[Records shown]

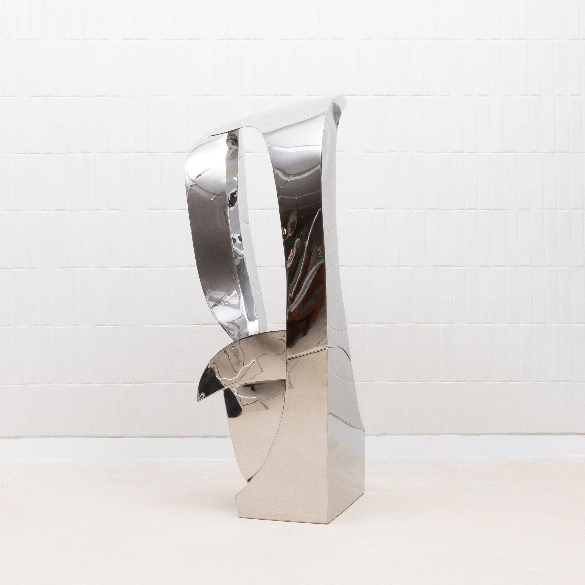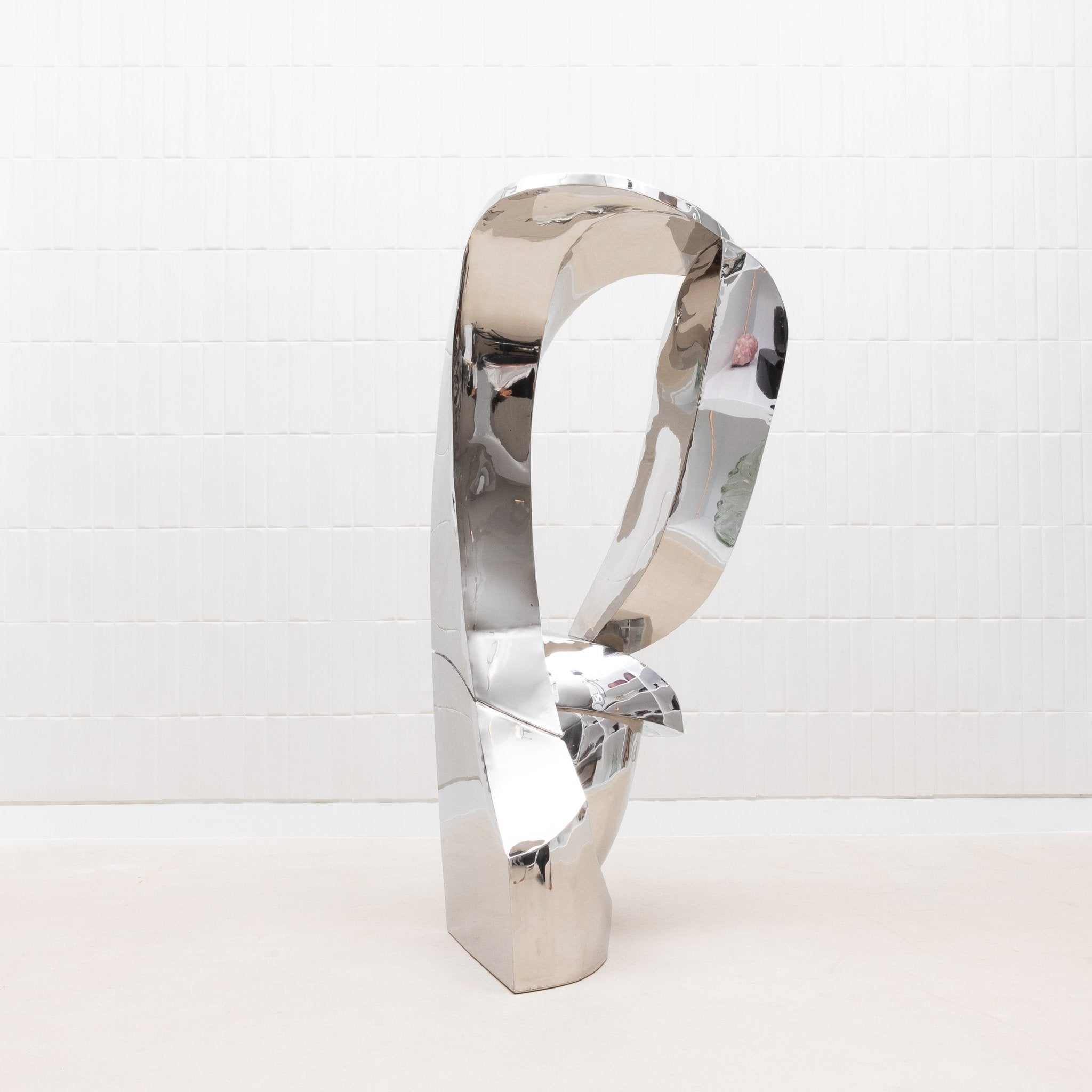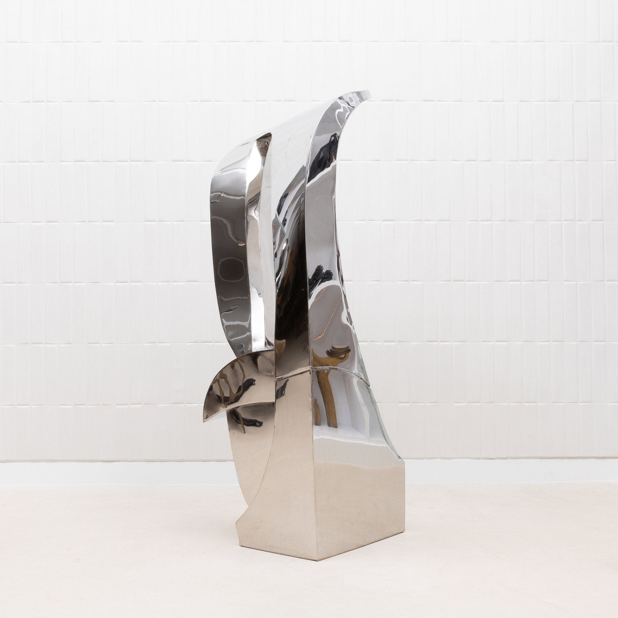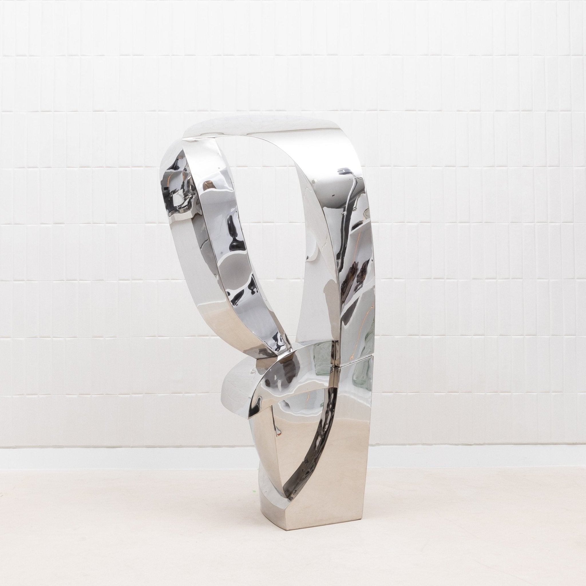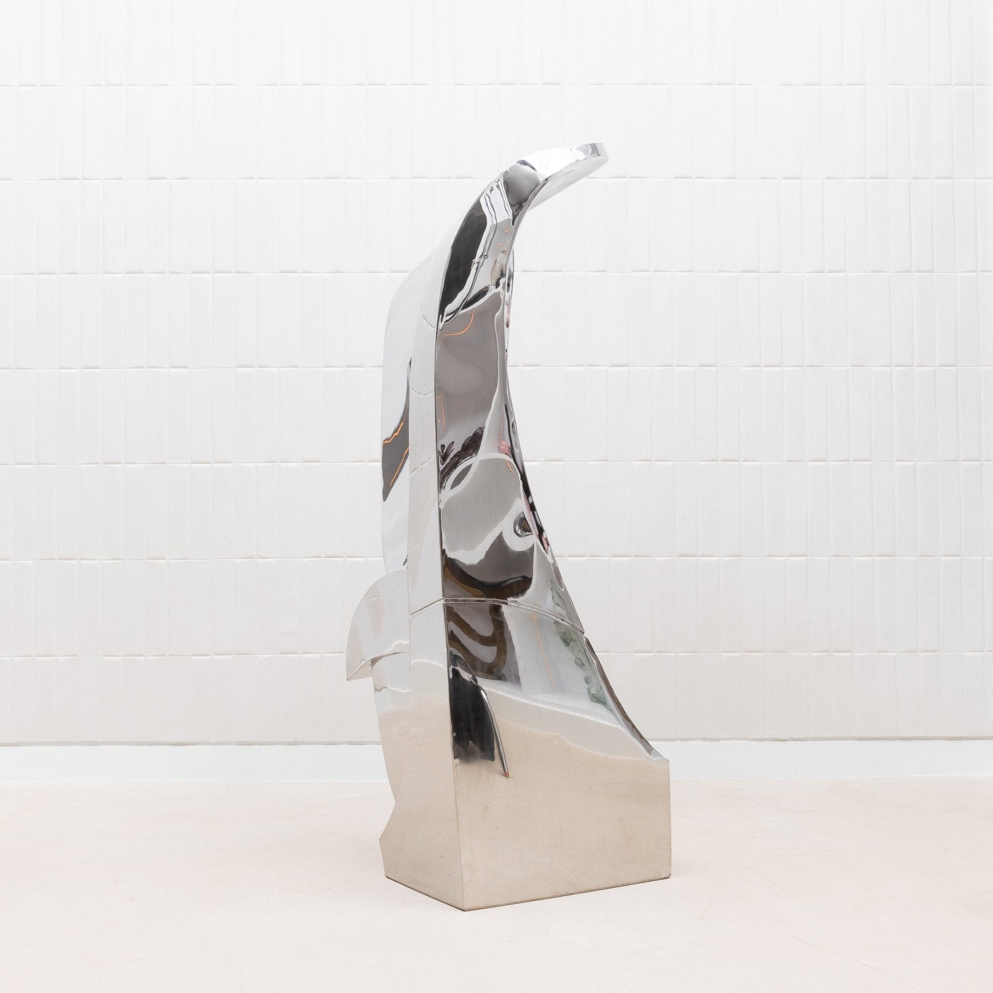The "WAVE" sculpture by Patrick Coard Paris is a striking example of modern artistry, crafted from a polished stainless steel veneer inlaid on a fiberglass core that reflects light with mesmerizing brilliance. Standing nearly 65 inches tall, its fluid, abstract form evokes the graceful motion of ocean waves, adding a dynamic yet serene presence to any space. This hand-crafted piece is a true statement of luxury, blending contemporary elegance with the timeless allure of finely wrought metalwork, making it a captivating centerpiece for sophisticated interiors.
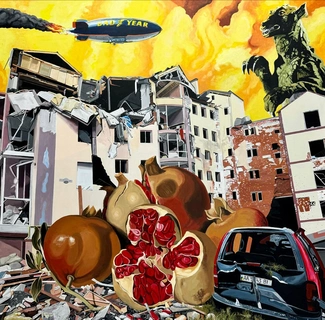 Óscar Seco desarrolla una práctica pictórica crítica que subvierte los relatos históricos, políticos y sociales mediante una iconografía híbrida que combina tradición bélica, estética del cómic e imaginario apocalíptico. Sus composiciones, densas y narrativas, integran referencias históricas y escenarios distópicos con una estructura visual fragmentada y cargada de simbolismo. Formalmente, conjuga dibujo riguroso con elementos paródicos y grotescos, generando una tensión entre artificio y contenido. Su manejo cromático alterna entre paletas saturadas y blancos y negros, siempre en función del discurso visual. Conceptualmente, su obra opera desde el revisionismo simbólico, cuestionando las mitologías del poder, la memoria colectiva y la violencia estructural mediante ironía, apropiación y anacronismo.
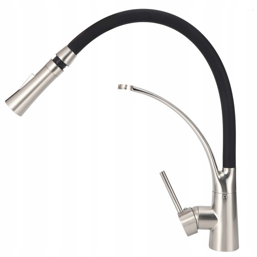 1. Elastyczna wyciągana wylewka o dużej krzywiźnie i obrocie o 360 stopni uzupełnia dostęp do zlewu i dobrze się cofa.
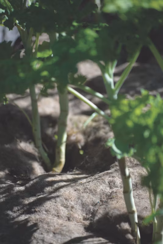 Håller jordens temperatur och fuktighet samt skyddar grödor från smuts.
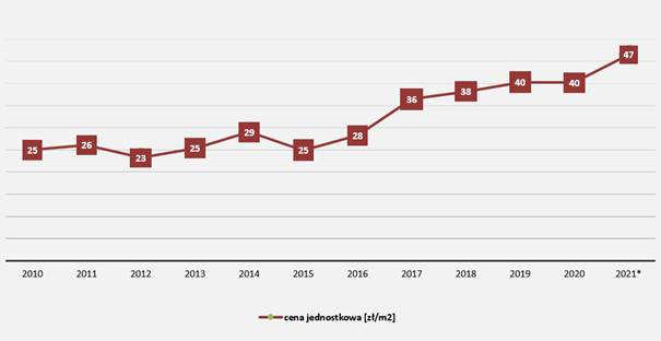 Rośnie również cena jednostkowa sprzedawanych gruntów (w ujęciu rocznym – łączny obrót podzielony przez łączną powierzchnię sprzedanych gruntów), która w roku 2021 osiągnęła poziom ok. 47 zł/m2 i była o 17% większa niż w 2020 roku.

[Activity]
Reproduce the listing above exactly, without a single picture.

[Written answer]
The "WAVE" sculpture by Patrick Coard Paris is a striking example of modern artistry, crafted from a polished stainless steel veneer inlaid on a fiberglass core that reflects light with mesmerizing brilliance. Standing nearly 65 inches tall, its fluid, abstract form evokes the graceful motion of ocean waves, adding a dynamic yet serene presence to any space. This hand-crafted piece is a true statement of luxury, blending contemporary elegance with the timeless allure of finely wrought metalwork, making it a captivating centerpiece for sophisticated interiors.
 Óscar Seco desarrolla una práctica pictórica crítica que subvierte los relatos históricos, políticos y sociales mediante una iconografía híbrida que combina tradición bélica, estética del cómic e imaginario apocalíptico. Sus composiciones, densas y narrativas, integran referencias históricas y escenarios distópicos con una estructura visual fragmentada y cargada de simbolismo. Formalmente, conjuga dibujo riguroso con elementos paródicos y grotescos, generando una tensión entre artificio y contenido. Su manejo cromático alterna entre paletas saturadas y blancos y negros, siempre en función del discurso visual. Conceptualmente, su obra opera desde el revisionismo simbólico, cuestionando las mitologías del poder, la memoria colectiva y la violencia estructural mediante ironía, apropiación y anacronismo.
 1. Elastyczna wyciągana wylewka o dużej krzywiźnie i obrocie o 360 stopni uzupełnia dostęp do zlewu i dobrze się cofa.
 Håller jordens temperatur och fuktighet samt skyddar grödor från smuts.
 Rośnie również cena jednostkowa sprzedawanych gruntów (w ujęciu rocznym – łączny obrót podzielony przez łączną powierzchnię sprzedanych gruntów), która w roku 2021 osiągnęła poziom ok. 47 zł/m2 i była o 17% większa niż w 2020 roku.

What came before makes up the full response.